Problem statement
The part below that opens with the line containing "[*] Altschuldenentlastung mit" and closes with the line containing "Step into this" should be copied exactly, minus any pictures.

Source data
• • • • •

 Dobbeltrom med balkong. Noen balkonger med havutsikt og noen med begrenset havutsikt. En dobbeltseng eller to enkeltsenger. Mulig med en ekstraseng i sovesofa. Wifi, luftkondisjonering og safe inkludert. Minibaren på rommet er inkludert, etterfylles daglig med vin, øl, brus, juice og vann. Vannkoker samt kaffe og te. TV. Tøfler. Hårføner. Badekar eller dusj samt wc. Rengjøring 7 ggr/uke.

• • • • •

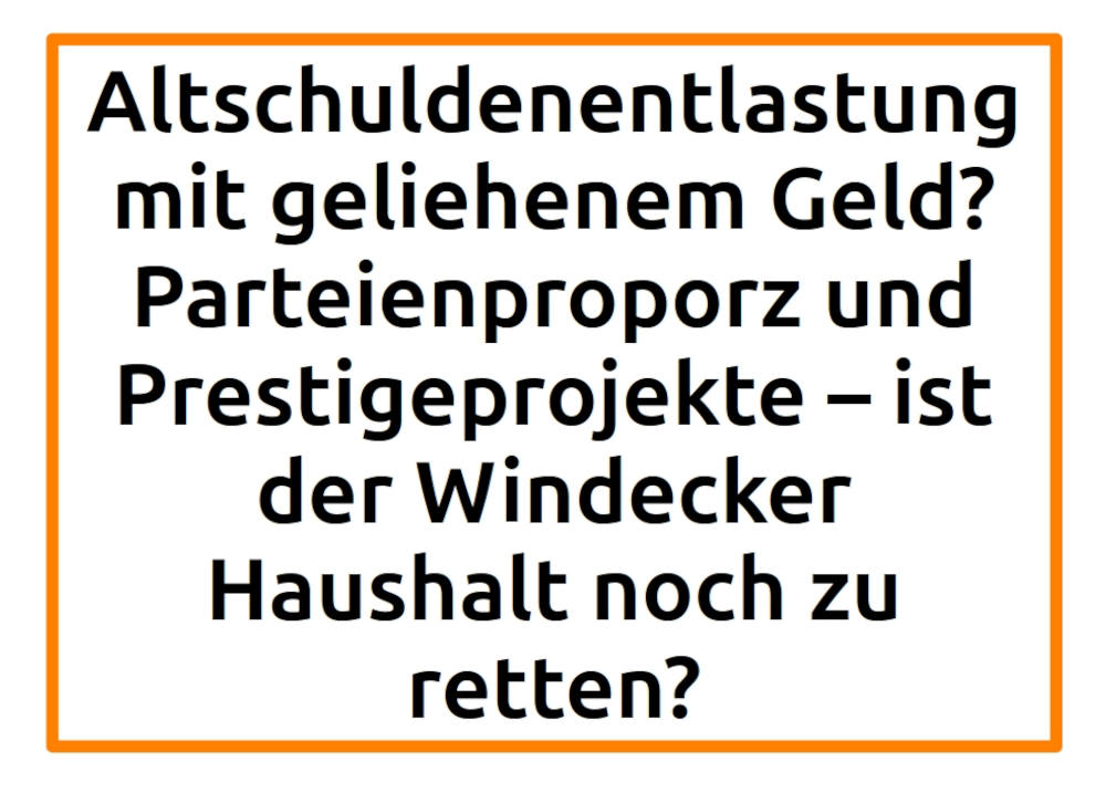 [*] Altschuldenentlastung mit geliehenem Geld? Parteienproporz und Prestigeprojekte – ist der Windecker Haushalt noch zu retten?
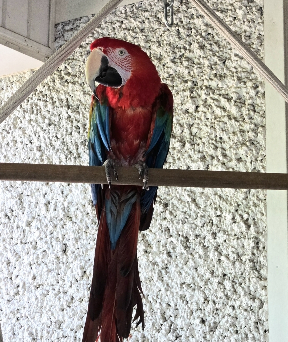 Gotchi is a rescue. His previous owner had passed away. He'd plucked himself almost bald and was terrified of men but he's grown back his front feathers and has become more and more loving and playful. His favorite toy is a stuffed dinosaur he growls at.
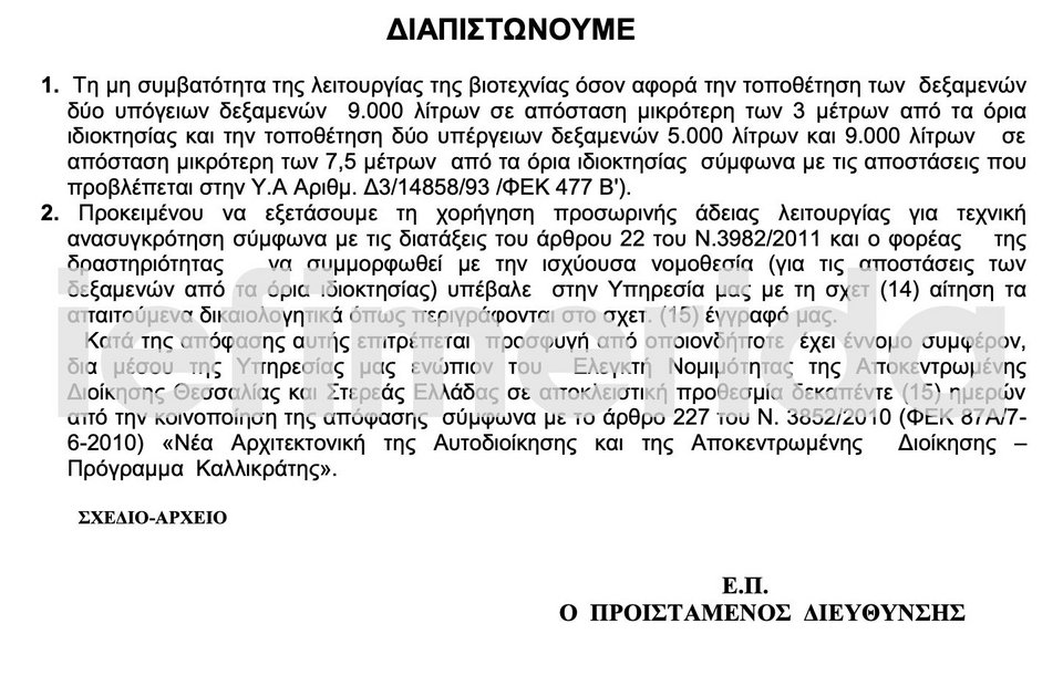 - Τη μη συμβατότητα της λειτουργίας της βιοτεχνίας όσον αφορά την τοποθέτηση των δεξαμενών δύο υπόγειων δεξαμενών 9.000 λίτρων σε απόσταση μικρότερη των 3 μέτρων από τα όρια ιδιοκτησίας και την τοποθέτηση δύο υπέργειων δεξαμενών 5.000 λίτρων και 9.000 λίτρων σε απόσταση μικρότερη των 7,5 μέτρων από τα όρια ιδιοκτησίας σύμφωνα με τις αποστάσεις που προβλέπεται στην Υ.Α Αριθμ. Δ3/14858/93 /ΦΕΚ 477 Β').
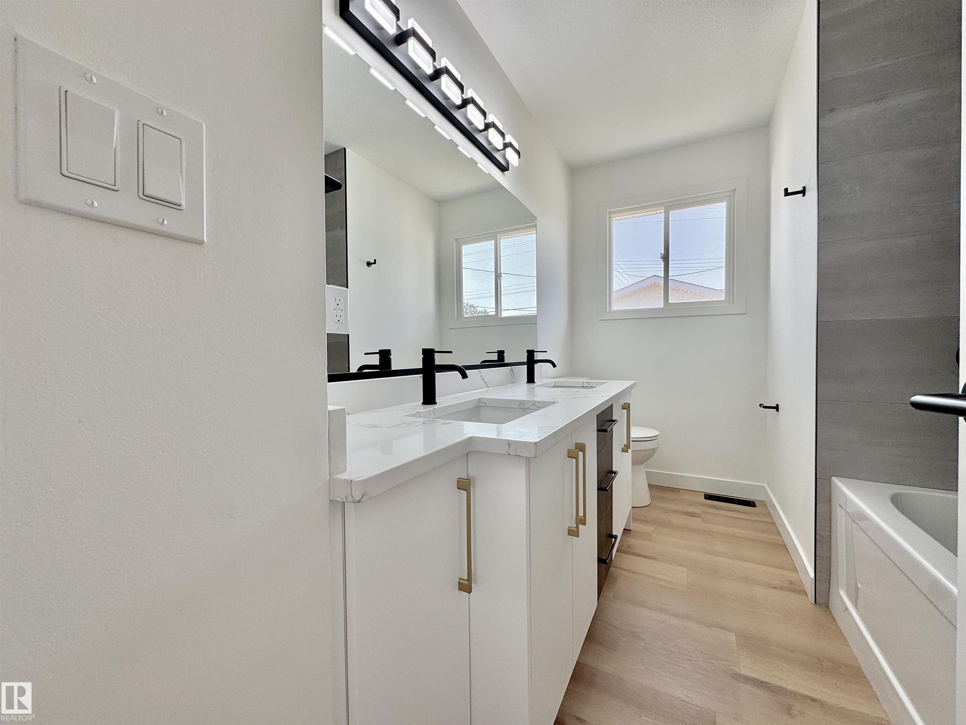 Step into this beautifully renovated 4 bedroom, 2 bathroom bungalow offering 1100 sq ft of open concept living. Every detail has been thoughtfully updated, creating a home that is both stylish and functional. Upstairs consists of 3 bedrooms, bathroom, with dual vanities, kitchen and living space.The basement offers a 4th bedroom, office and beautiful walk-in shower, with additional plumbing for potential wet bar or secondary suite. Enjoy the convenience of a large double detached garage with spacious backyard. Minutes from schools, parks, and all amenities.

• • • • •

Exercise response
 [*] Altschuldenentlastung mit geliehenem Geld? Parteienproporz und Prestigeprojekte – ist der Windecker Haushalt noch zu retten?
 Gotchi is a rescue. His previous owner had passed away. He'd plucked himself almost bald and was terrified of men but he's grown back his front feathers and has become more and more loving and playful. His favorite toy is a stuffed dinosaur he growls at.
 - Τη μη συμβατότητα της λειτουργίας της βιοτεχνίας όσον αφορά την τοποθέτηση των δεξαμενών δύο υπόγειων δεξαμενών 9.000 λίτρων σε απόσταση μικρότερη των 3 μέτρων από τα όρια ιδιοκτησίας και την τοποθέτηση δύο υπέργειων δεξαμενών 5.000 λίτρων και 9.000 λίτρων σε απόσταση μικρότερη των 7,5 μέτρων από τα όρια ιδιοκτησίας σύμφωνα με τις αποστάσεις που προβλέπεται στην Υ.Α Αριθμ. Δ3/14858/93 /ΦΕΚ 477 Β').
 Step into this beautifully renovated 4 bedroom, 2 bathroom bungalow offering 1100 sq ft of open concept living. Every detail has been thoughtfully updated, creating a home that is both stylish and functional. Upstairs consists of 3 bedrooms, bathroom, with dual vanities, kitchen and living space.The basement offers a 4th bedroom, office and beautiful walk-in shower, with additional plumbing for potential wet bar or secondary suite. Enjoy the convenience of a large double detached garage with spacious backyard. Minutes from schools, parks, and all amenities.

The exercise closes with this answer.